In 2020, Losos received a 1.2M grant from the Human Frontier Science Program Organization, based in Strasbourg, France, to study evolution of Central American lizards anoles. Losos and his team will sequence the genomes of 200 species of Anolis lizards and combine their results with advances in gene editing.
Losos had served on Washington University’s faculty from 1992-2006, when Harvard recruited him as the Lehner Professor for the Study of Latin America, professor of organismic and evolutionary biology, and curator in herpetology at the Museum of Comparative Zoology. He returned to WashU in 2018 to become the William H. Danforth Distinguished Professor and professor of biology in Arts & Sciences. He was simultaneously appointed director of the Living Earth Collaborative, a center dedicated to advancing the study of biodiversity to help ensure the future of Earth’s species in their many forms. Washington University, the Missouri Botanical Garden and the Saint Louis Zoo are working in partnership to advance the center’s mission.
During his career, Losos has mentored more than 100 young scientists, many of whom are taking the work in new and exciting directions.

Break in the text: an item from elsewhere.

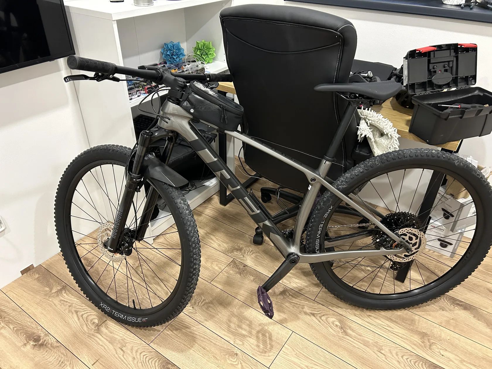 Prodám karbonový Trek Procaliber 9.5. najeto podle kondice z apple wacth na kole cca 1600km, kupované 08/2024(stále v záruce). Oproti standartní specifikaci kolo prošlo lehkým upgradem. Vidlice Rockshox Reba 120mm-lehčí než původní Judy Silver s vyšším zdvihem(PC:10.000kč). Dále před dvěmi týdny vyměněn řetěz za SLX, přední kotouč SLX 180mm(namísto 160mm původnímu), desky Galfer,přehazovačka Shimano XT-standartně je tam deorka, oz.kolo na klikách zaměněno za 32z(origo 30z dám ke kolu). Celkově pěkné, lehké xc kolo, které se neztratí ani závodech. Na nabídky typu 25-30tis nereaguji, lehká dohoda o ceně možná. Celkově vyšlo na cca 49.000kč. Ke kolu mohu přidat úplně nové pneu continental crossking 29x2,3”. Odpružená sedlovka sountour není součástí kola, na prodej s originální sedlovkou a sedlem.
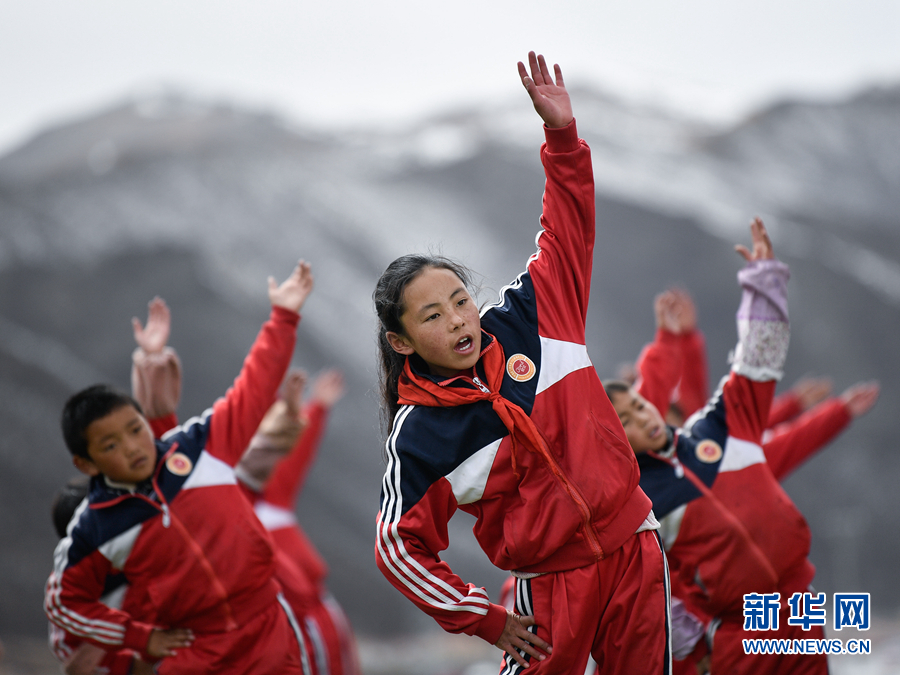 在果洛藏族自治州甘德縣下貢麻鄉(xiang) 寄宿製中心小學,學生在上體(ti) 育課。(資料圖)新華社記者 張龍 攝

Jonathan Losos speaks to the value of evolutionary thinking and studies
Evolutionary thinking and studies tell us about who we are and where we came from. They give us our back story. Moreover, they tell us how the world developed. More concretely, understanding evolution can be crucial to solving important problems facing humanity. And there’s no better example than the recent COVID-19 pandemic.
The researchers who studied strains and variants of COVID are evolutionary biologists. This is how we study where new diseases come from. One of the biggest problems facing us today regards microbes evolving resistance to drugs. There is a threat that all our antibiotics may be rendered useless due to this evolution. We need to understand and try to counter this threat.
We face another important question: How will the world cope with global warming? Species may evolve to adapt to these changes. How would this work? Which species will evolve? The survival and function of futuring ecosystems may critically depend on the evolutionary capabilities of the world’s species.